What do the different “zoom levels” (tiny/small/base/Gundam) accomplish?
How does the approach compare to representing a document with standard text tokens?
Why is the work described as more than OCR, and what remains uncertain?
Review Questions
- What token-budget problem limits long-context language models, and how does vision-token compression address it?
- Describe the roles of SAM, the CNN 16× compression step, and the CLIP-style global attention stage in the DeepSeek encoder.

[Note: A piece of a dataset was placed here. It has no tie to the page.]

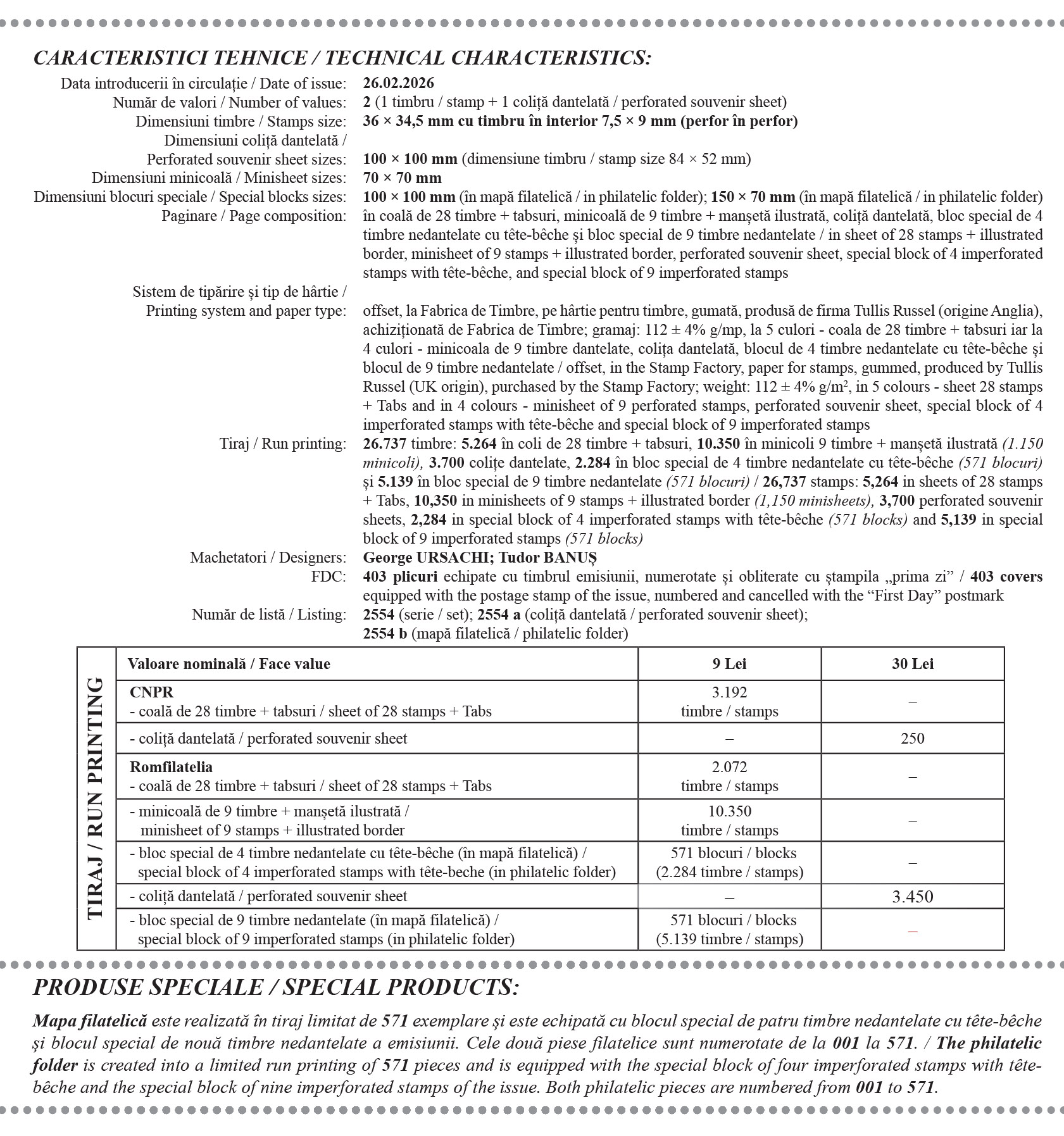 Romfilatelia mulțumește reprezentanților Federației Filatelice Române, ai Federației Internaționale de Filatelie, ai Muzeului Recordurilor Românești și ai Fabricii de Timbre, Sucursala Poștei Române, pentru sprijinul documentar și colaborarea la realizarea acestei emisiuni de mărci poștale.

- What accuracy and compression trade-offs are reported for OCR, and what do they imply for using this method as long-term memory?
Key Points
- 1
DeepSeek OCR’s central contribution is compressing text into far fewer vision tokens, then decoding it back with high accuracy—aiming to reduce long-context costs.
- 2
“Context optimal compression” is framed as using vision as a compression algorithm for text, not merely improving OCR.
- 3
A two-stage deep encoder uses SAM for high-resolution attention, a CNN to compress by 16×, and a CLIP-style model for global attention over compressed features.
- 4
The system supports multiple token “zoom levels,” ranging from about 64 to about 1,800 vision tokens, enabling adjustable detail vs. token budget.
- 5
Reported results include ~97% accuracy when decoding ~1,000 text tokens from 100 vision tokens, and ~60% accuracy at 20× compression.
- 6
OCR benchmarks show >95% accuracy around 10× compression, but broader generalization beyond OCR and extreme scaling remain open questions.
- 7
The work is positioned as a potential long-context memory mechanism that could represent millions of text tokens using dramatically fewer tokens.